Pictures in the data should be dropped; transcribe exactly the lines from the one that has "This morning Tyson" through the one that has "このゲームのNPCは銃撃や攻".

• [DATA RECORDS]:

----

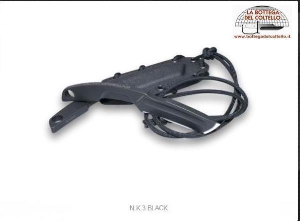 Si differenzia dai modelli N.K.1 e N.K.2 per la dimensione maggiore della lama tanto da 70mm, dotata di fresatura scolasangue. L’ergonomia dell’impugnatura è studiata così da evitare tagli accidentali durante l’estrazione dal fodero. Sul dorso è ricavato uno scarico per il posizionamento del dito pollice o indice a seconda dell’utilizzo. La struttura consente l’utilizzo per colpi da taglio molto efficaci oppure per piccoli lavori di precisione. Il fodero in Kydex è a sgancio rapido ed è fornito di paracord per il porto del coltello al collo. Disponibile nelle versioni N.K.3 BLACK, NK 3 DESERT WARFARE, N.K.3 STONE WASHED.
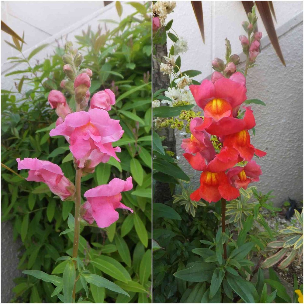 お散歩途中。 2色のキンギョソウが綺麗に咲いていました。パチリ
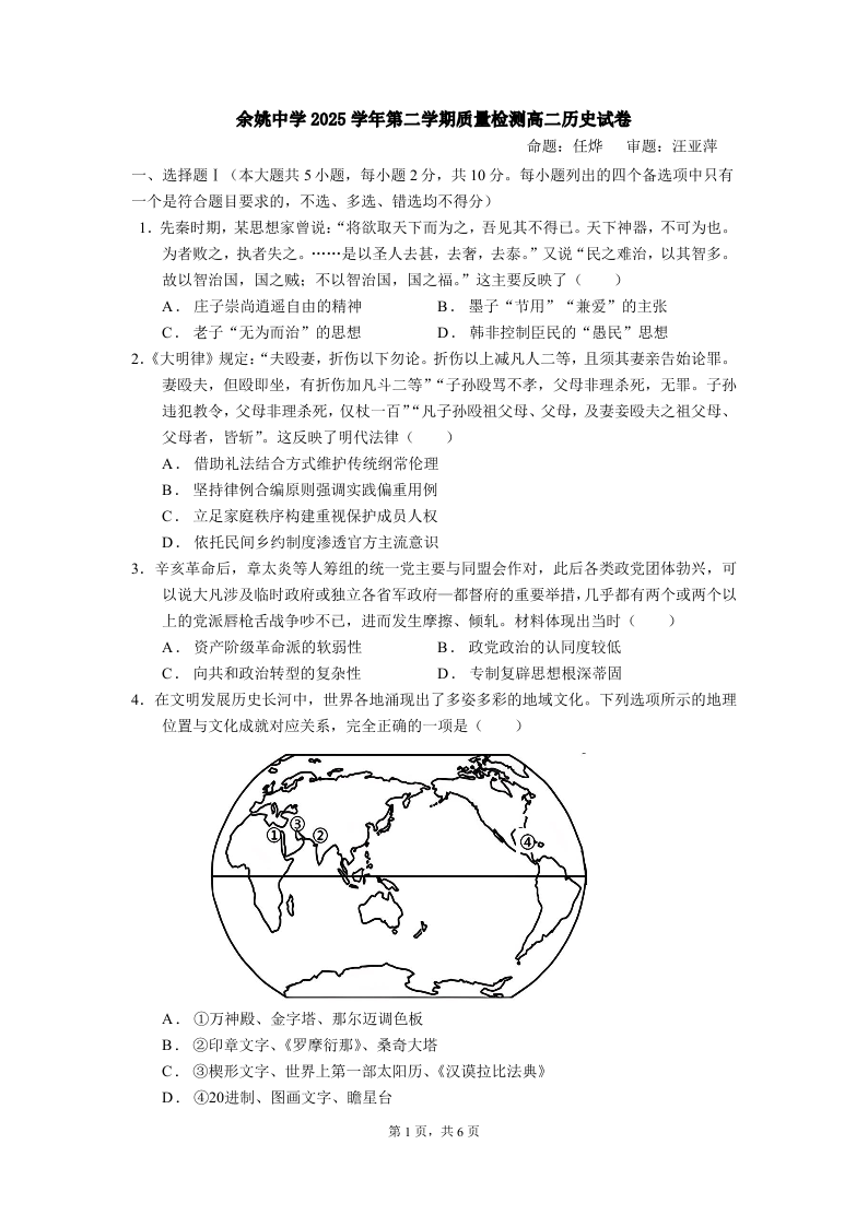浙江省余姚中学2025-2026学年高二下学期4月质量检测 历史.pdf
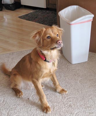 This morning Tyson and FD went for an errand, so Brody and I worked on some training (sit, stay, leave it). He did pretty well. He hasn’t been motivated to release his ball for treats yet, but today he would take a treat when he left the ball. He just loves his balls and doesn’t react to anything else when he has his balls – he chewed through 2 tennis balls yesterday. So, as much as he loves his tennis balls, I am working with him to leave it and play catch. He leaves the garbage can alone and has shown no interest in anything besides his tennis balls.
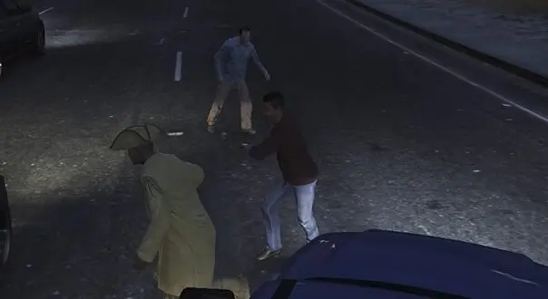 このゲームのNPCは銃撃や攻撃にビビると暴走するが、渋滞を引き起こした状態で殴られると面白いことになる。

----

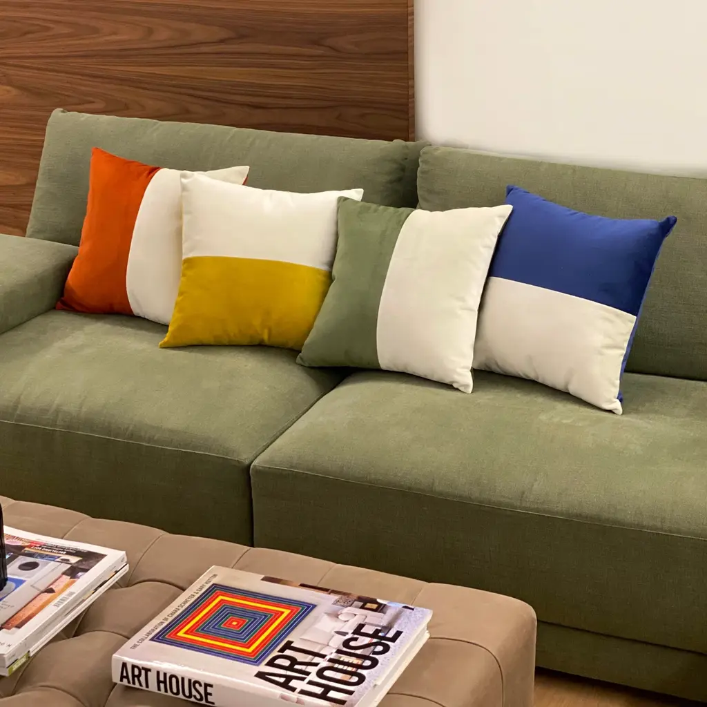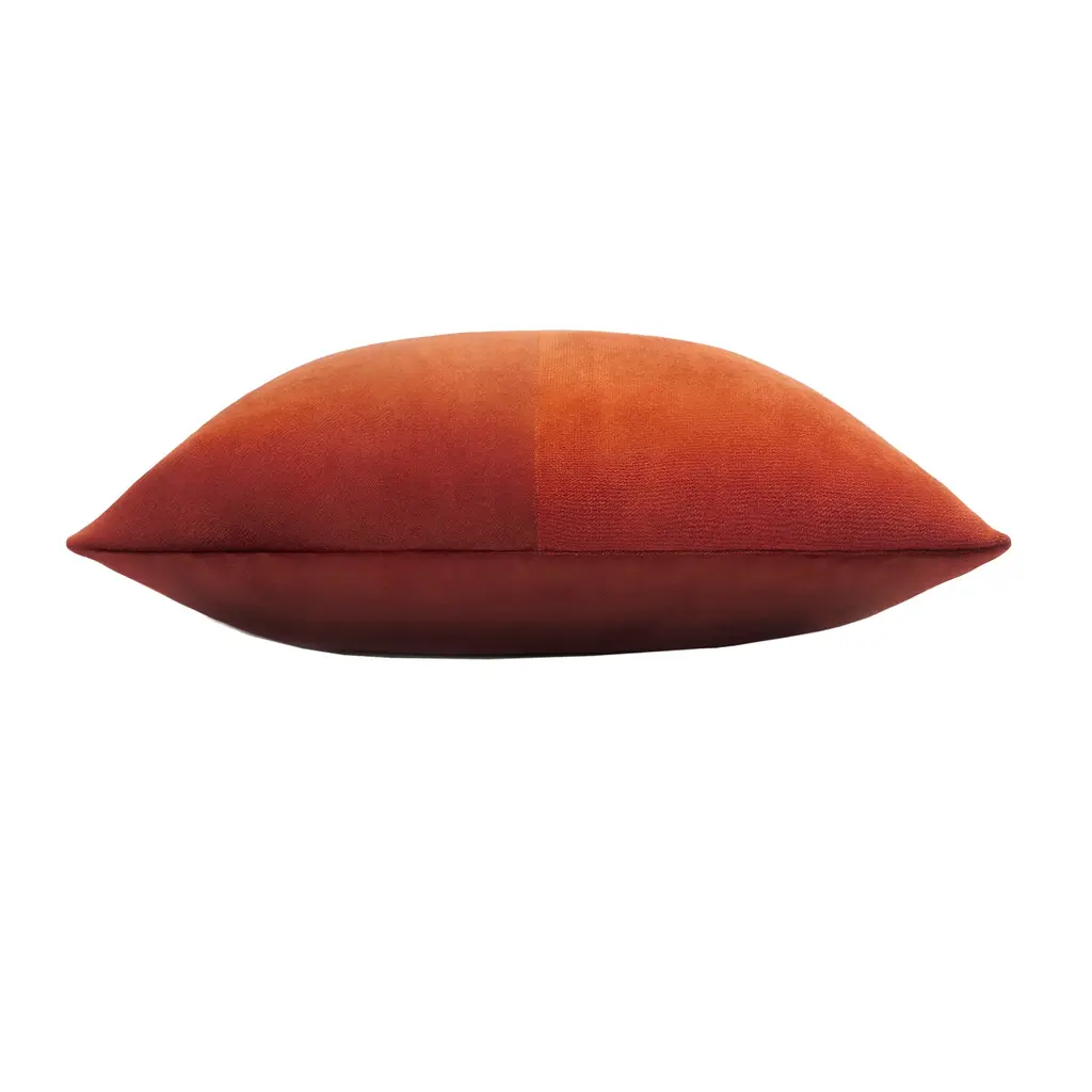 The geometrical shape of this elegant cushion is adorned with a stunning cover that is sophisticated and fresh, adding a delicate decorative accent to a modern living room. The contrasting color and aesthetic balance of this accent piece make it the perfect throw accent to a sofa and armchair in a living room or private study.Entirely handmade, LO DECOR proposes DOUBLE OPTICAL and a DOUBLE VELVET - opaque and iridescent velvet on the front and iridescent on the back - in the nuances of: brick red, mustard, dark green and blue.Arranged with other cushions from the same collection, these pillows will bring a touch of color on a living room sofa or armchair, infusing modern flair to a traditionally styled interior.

----

• [RESPONSE TO THE TASK]:
 This morning Tyson and FD went for an errand, so Brody and I worked on some training (sit, stay, leave it). He did pretty well. He hasn’t been motivated to release his ball for treats yet, but today he would take a treat when he left the ball. He just loves his balls and doesn’t react to anything else when he has his balls – he chewed through 2 tennis balls yesterday. So, as much as he loves his tennis balls, I am working with him to leave it and play catch. He leaves the garbage can alone and has shown no interest in anything besides his tennis balls.
 このゲームのNPCは銃撃や攻撃にビビると暴走するが、渋滞を引き起こした状態で殴られると面白いことになる。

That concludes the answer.